Department of Biochemistry, University of Leicester, Leicester, UK.
EMBO J. 2010 Mar 17;29(6):1069-80. doi: 10.1038/emboj.2010.4. Epub 2010 Feb 11.
Talin is a 270-kDa protein that activates integrins and couples them to cytoskeletal actin. Talin contains an N-terminal FERM domain comprised of F1, F2 and F3 domains, but it is atypical in that F1 contains a large insert and is preceded by an extra domain F0. Although F3 contains the binding site for beta-integrin tails, F0 and F1 are also required for activation of beta1-integrins. Here, we report the solution structures of F0, F1 and of the F0F1 double domain. Both F0 and F1 have ubiquitin-like folds joined in a novel fixed orientation by an extensive charged interface. The F1 insert forms a loop with helical propensity, and basic residues predicted to reside on one surface of the helix are required for binding to acidic phospholipids and for talin-mediated activation of beta1-integrins. This and the fact that basic residues on F2 and F3 are also essential for integrin activation suggest that extensive interactions between the talin FERM domain and acidic membrane phospholipids are required to orientate the FERM domain such that it can activate integrins.

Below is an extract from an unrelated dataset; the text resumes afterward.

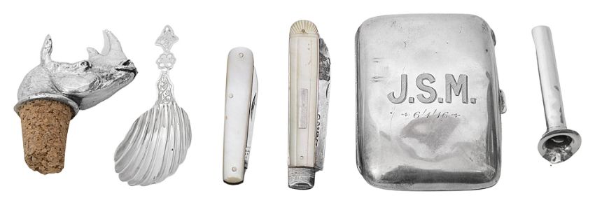 first Sheffield, 1836, by Nathaniel Creswick & Co., second London, 1887 by Charles Boyton (II), with scalloped bowl and foliate engraved handle, third Birmingham, 1980 by Henry Matthews, stamped patent, a plain cigarette case initialled J.S.M. and dated 1916, a modern novelty plated bottle stopper in the form of rhinos head, (6)

塔林是一种 270kDa 的蛋白质,能激活整合素并将其与细胞骨架肌动蛋白偶联。塔林包含一个由 F1、F2 和 F3 结构域组成的 N 端 FERM 结构域,但它是非典型的,因为 F1 包含一个大的插入序列,并且前面还有一个额外的结构域 F0。虽然 F3 包含了与β整合素尾部的结合位点,但 F0 和 F1 对于β1 整合素的激活也是必需的。在这里,我们报告了 F0、F1 和 F0F1 双结构域的溶液结构。F0 和 F1 都具有泛素样折叠结构,通过一个广泛的带电界面以一种新颖的固定取向连接在一起。F1 插入片段形成一个具有螺旋倾向的环,预测位于螺旋一侧的碱性残基对于与酸性磷脂的结合以及塔林介导的β1 整合素激活是必需的。事实上,F2 和 F3 上的碱性残基对于整合素的激活也是必需的,这表明塔林的 FERM 结构域与酸性膜磷脂之间需要广泛的相互作用,以使其能够正确定向,从而激活整合素。